Requirement - In full and exactly, reproduce the entries below, but omit the pictures.
..............................
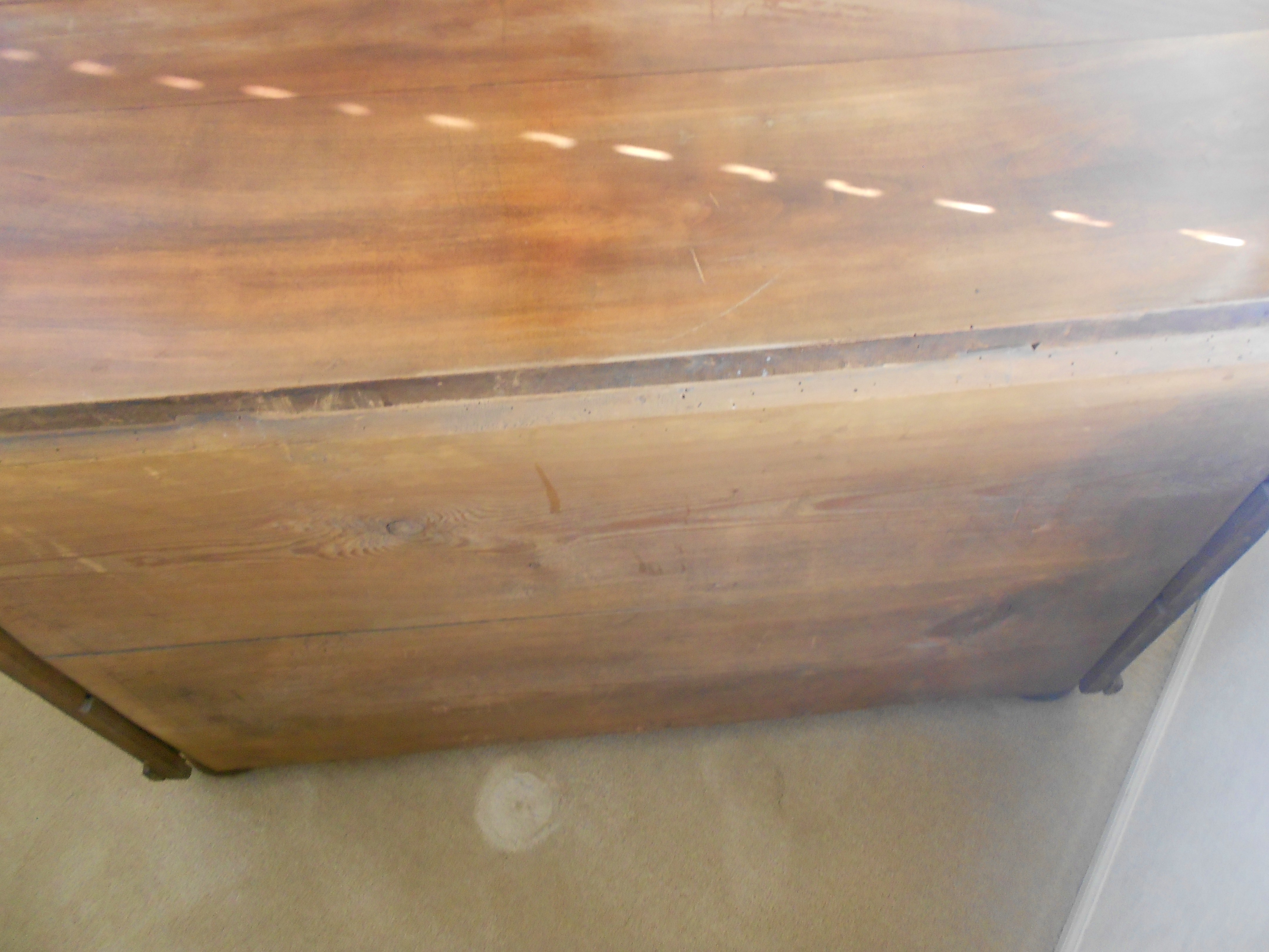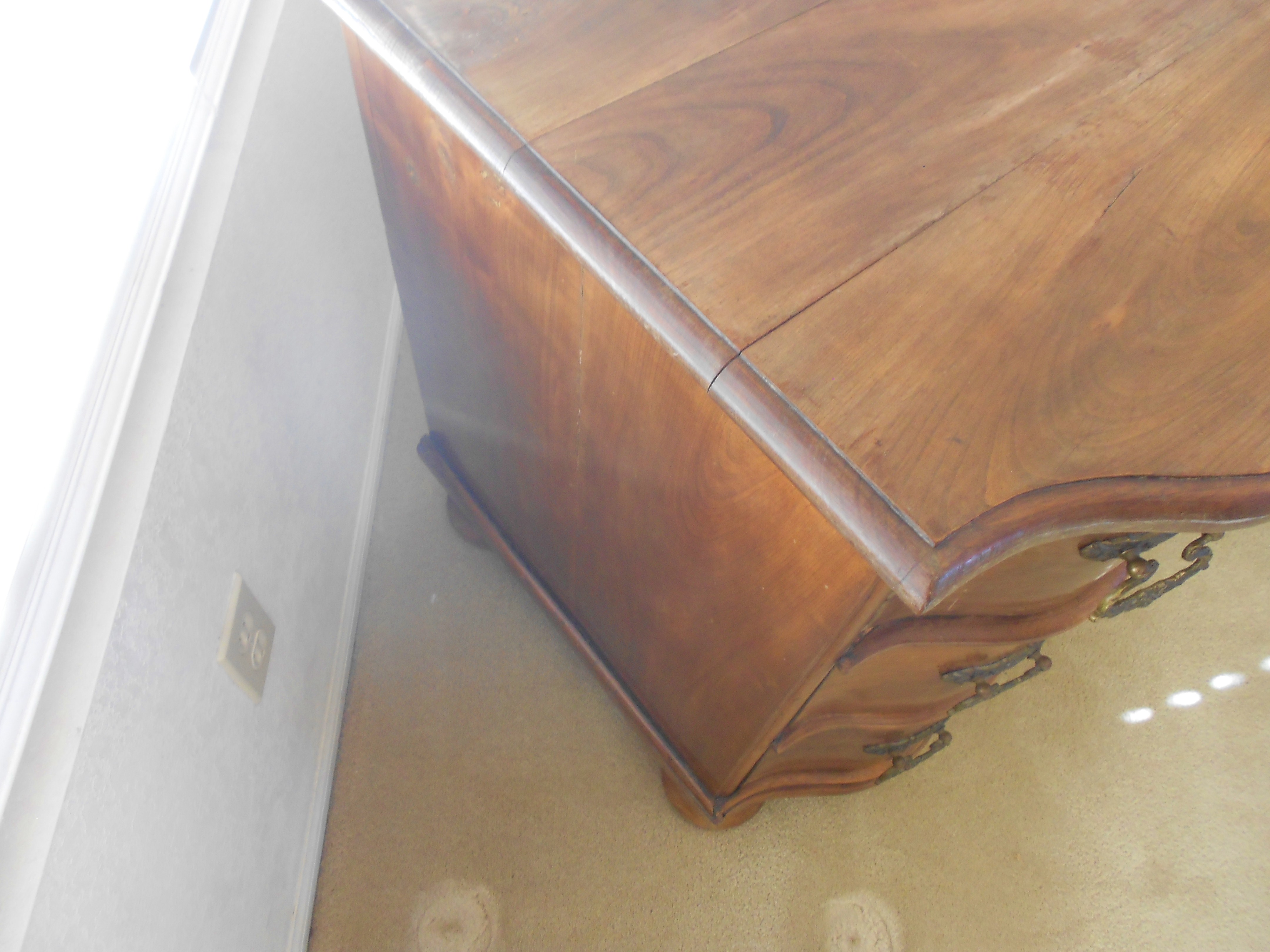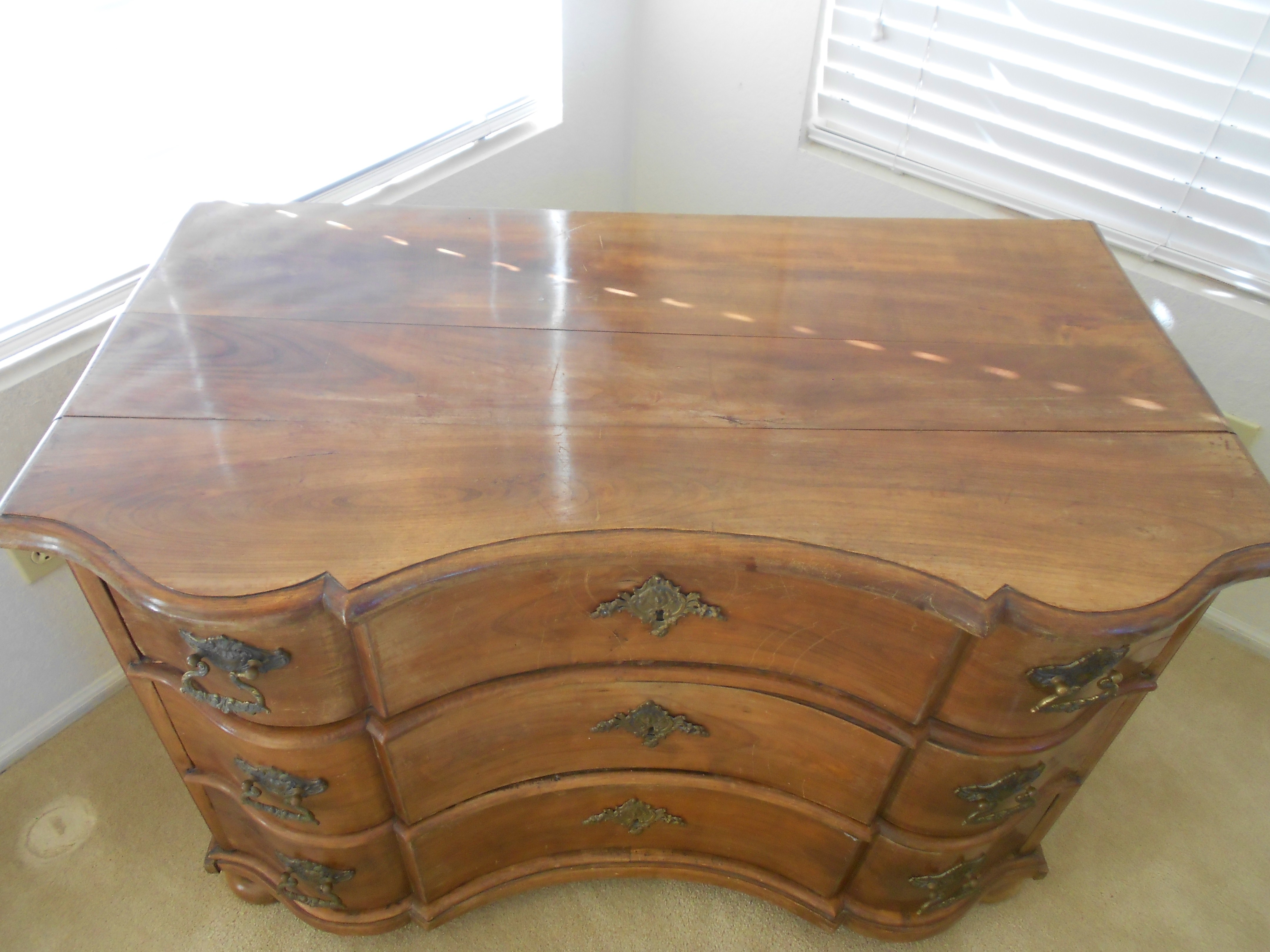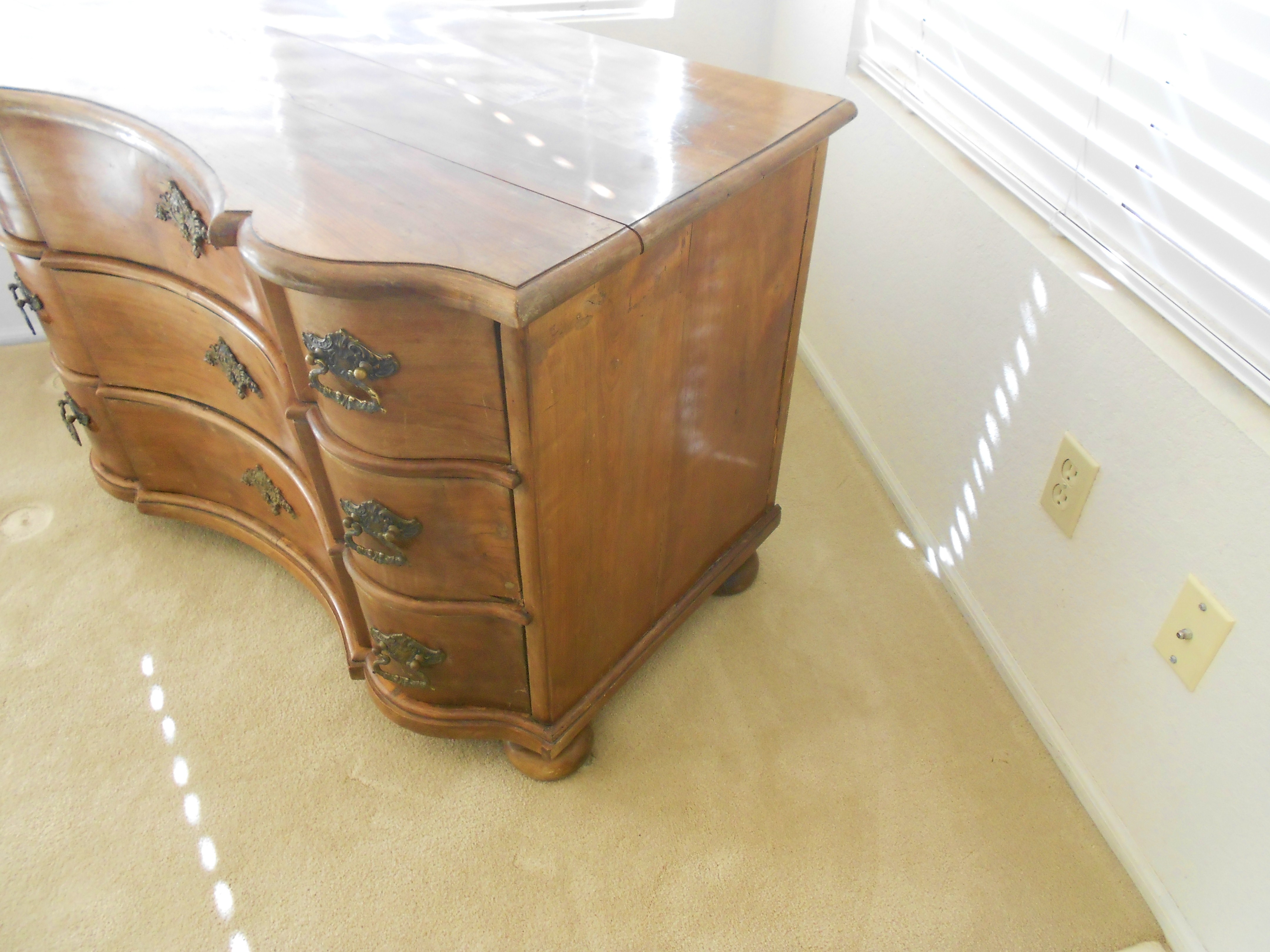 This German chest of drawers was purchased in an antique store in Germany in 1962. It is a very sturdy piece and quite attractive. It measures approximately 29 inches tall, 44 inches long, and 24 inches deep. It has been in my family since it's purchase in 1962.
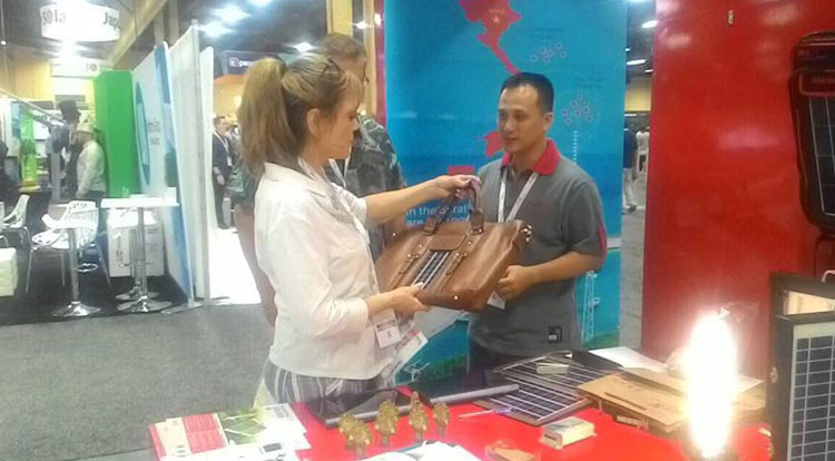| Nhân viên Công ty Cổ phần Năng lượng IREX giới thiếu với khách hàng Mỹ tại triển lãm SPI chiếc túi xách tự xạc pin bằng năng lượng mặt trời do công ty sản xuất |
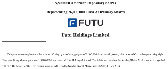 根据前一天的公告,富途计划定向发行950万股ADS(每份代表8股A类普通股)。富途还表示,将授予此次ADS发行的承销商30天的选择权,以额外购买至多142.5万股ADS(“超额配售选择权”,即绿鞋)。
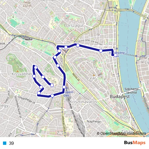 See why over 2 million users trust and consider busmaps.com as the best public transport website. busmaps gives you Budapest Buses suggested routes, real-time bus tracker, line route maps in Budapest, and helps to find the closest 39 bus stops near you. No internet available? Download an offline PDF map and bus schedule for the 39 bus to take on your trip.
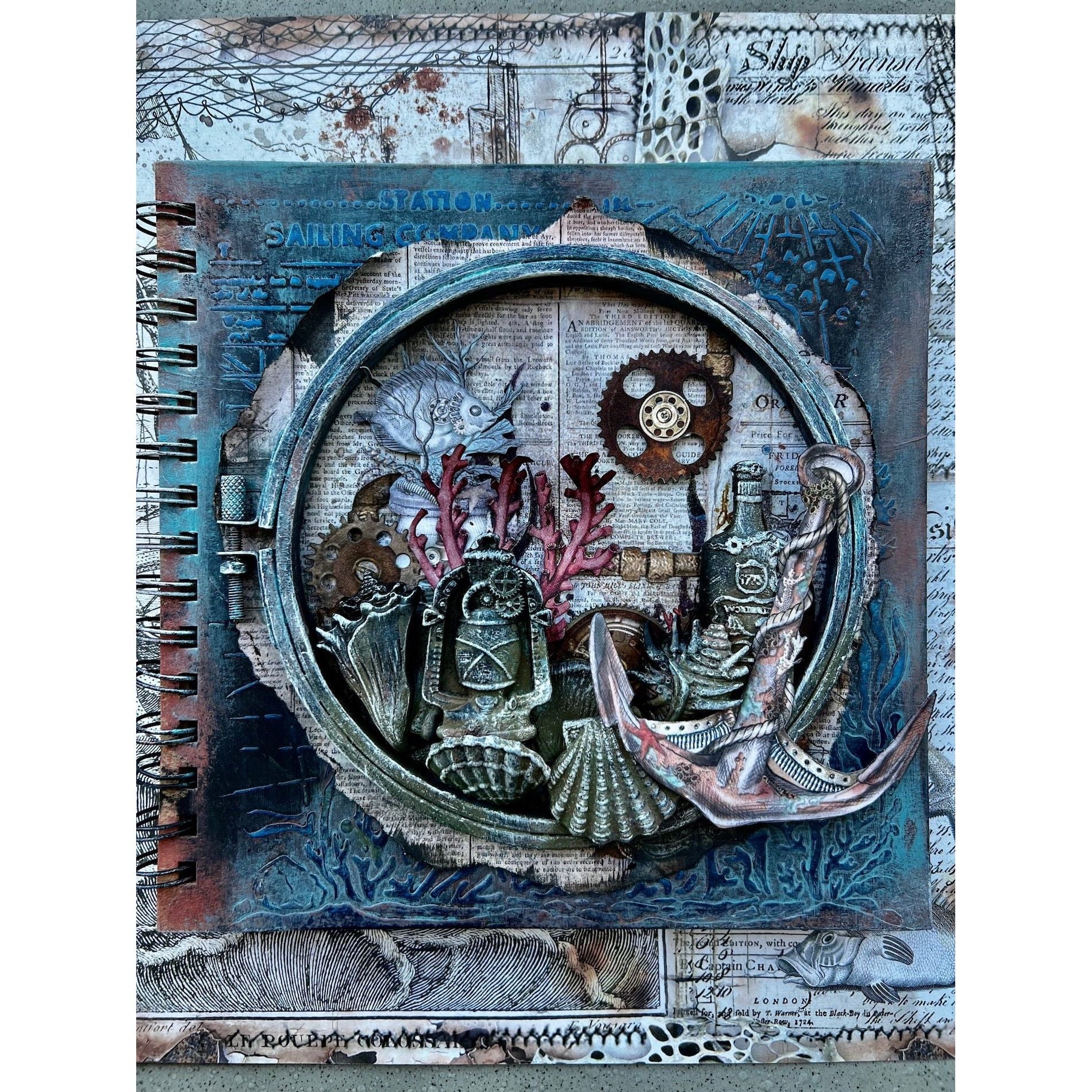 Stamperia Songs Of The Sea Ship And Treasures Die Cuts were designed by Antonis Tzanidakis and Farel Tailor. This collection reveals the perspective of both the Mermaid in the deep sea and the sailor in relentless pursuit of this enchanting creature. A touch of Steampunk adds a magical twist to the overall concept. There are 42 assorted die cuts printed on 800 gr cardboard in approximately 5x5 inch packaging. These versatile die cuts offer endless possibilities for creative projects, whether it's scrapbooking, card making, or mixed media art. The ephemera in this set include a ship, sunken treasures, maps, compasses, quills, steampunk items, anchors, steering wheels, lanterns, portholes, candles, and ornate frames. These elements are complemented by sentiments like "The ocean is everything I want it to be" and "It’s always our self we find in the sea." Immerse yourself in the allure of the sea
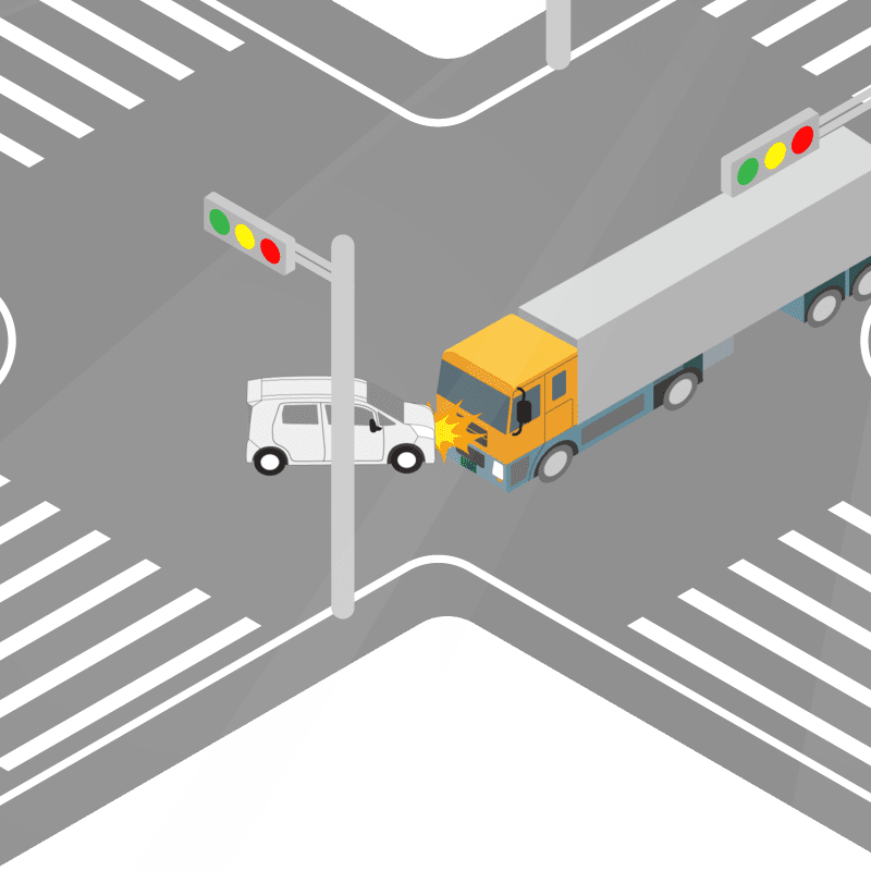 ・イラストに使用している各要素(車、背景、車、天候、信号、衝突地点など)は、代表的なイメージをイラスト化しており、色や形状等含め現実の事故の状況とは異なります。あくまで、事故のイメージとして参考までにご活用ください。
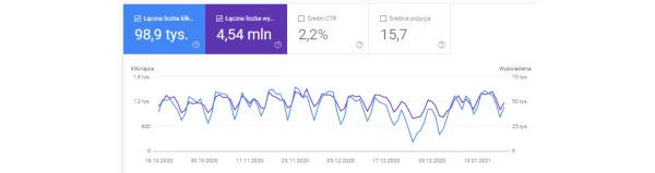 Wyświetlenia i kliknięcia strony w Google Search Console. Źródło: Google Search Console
..............................
Answer space -
 This German chest of drawers was purchased in an antique store in Germany in 1962. It is a very sturdy piece and quite attractive. It measures approximately 29 inches tall, 44 inches long, and 24 inches deep. It has been in my family since it's purchase in 1962.
| Nhân viên Công ty Cổ phần Năng lượng IREX giới thiếu với khách hàng Mỹ tại triển lãm SPI chiếc túi xách tự xạc pin bằng năng lượng mặt trời do công ty sản xuất |
 根据前一天的公告,富途计划定向发行950万股ADS(每份代表8股A类普通股)。富途还表示,将授予此次ADS发行的承销商30天的选择权,以额外购买至多142.5万股ADS(“超额配售选择权”,即绿鞋)。
 See why over 2 million users trust and consider busmaps.com as the best public transport website. busmaps gives you Budapest Buses suggested routes, real-time bus tracker, line route maps in Budapest, and helps to find the closest 39 bus stops near you. No internet available? Download an offline PDF map and bus schedule for the 39 bus to take on your trip.
 Stamperia Songs Of The Sea Ship And Treasures Die Cuts were designed by Antonis Tzanidakis and Farel Tailor. This collection reveals the perspective of both the Mermaid in the deep sea and the sailor in relentless pursuit of this enchanting creature. A touch of Steampunk adds a magical twist to the overall concept. There are 42 assorted die cuts printed on 800 gr cardboard in approximately 5x5 inch packaging. These versatile die cuts offer endless possibilities for creative projects, whether it's scrapbooking, card making, or mixed media art. The ephemera in this set include a ship, sunken treasures, maps, compasses, quills, steampunk items, anchors, steering wheels, lanterns, portholes, candles, and ornate frames. These elements are complemented by sentiments like "The ocean is everything I want it to be" and "It’s always our self we find in the sea." Immerse yourself in the allure of the sea
 ・イラストに使用している各要素(車、背景、車、天候、信号、衝突地点など)は、代表的なイメージをイラスト化しており、色や形状等含め現実の事故の状況とは異なります。あくまで、事故のイメージとして参考までにご活用ください。
 Wyświetlenia i kliknięcia strony w Google Search Console. Źródło: Google Search Console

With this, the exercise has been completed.